Muitos outros cientistas concluem que os estudos de Goffman são difíceis de serem reduzidos a temas específicos e limitados; eles acreditam que seus estudos são sociologia comparativa, qualitativa, que visa produzir generalizações sobre o comportamento humano.
Em "Manicômios, prisões e conventos" Goffman trata das relações de internos das chamadas instituições totais e como este confinamento condiciona as interações e a vida social dos indivíduos ali inseridos.

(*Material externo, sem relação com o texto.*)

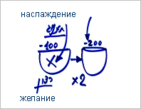 Мы изучали, что если желание насладиться хочет наполниться, - приходящее наслаждение гасит его, вместо того, чтобы наполнить. И в конечном итоге это желание остается еще более пустым – за счет наслаждения и за счет самого желания, т.е. если у человека было желание получить 100 г наслаждения, то теперь он остается с невосполненной потребностью -100 г, и таким образом его желание наполниться уже составляет -200 г.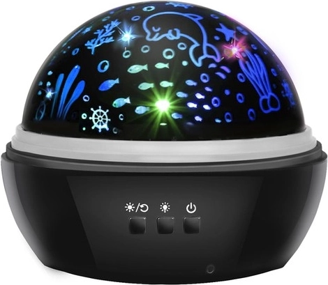 Sukamoji projekcija ir keturių spalvų (žalia, mėlyna, balta, raudona) pasirinkimas kuria įspūdingus šviesos efektus ant lubų ir sienų.

"Pode-se definir uma instituição total como um lugar de residência e de trabalho onde um grande número de indivíduos, colocados numa mesma situação, cortados do mundo exterior por um período relativamente longo, levam em conjunto uma vida reclusa segundo modalidades explícita e minuciosamente regulamentadas(...)" (p.11)
O sociólogo caracteriza cinco categorias de instituições totais: instituições que acolhem pessoas inofensivas, mas incapazes de garantir as suas próprias necessidades (lares para idosos, órfãos e indigentes); os que recebem pessoas também não autônomas, mas potencialmente perigosas para a comunidade, sendo esta nocividade involuntária (sanatórios, hospitais psiquiátricos e leprosarias); instituições destinadas a proteger a comunidade de pessoas rotuladas como intencionalmente ameaçadoras (prisões, penitenciárias e campos de concentração); instituições vocacionadas para a realização de uma missão ou tarefa utilitária (casernas, navios e internatos); e locais de retiro do mundo, normalmente de teor religioso (abadias, mosteiros e conventos).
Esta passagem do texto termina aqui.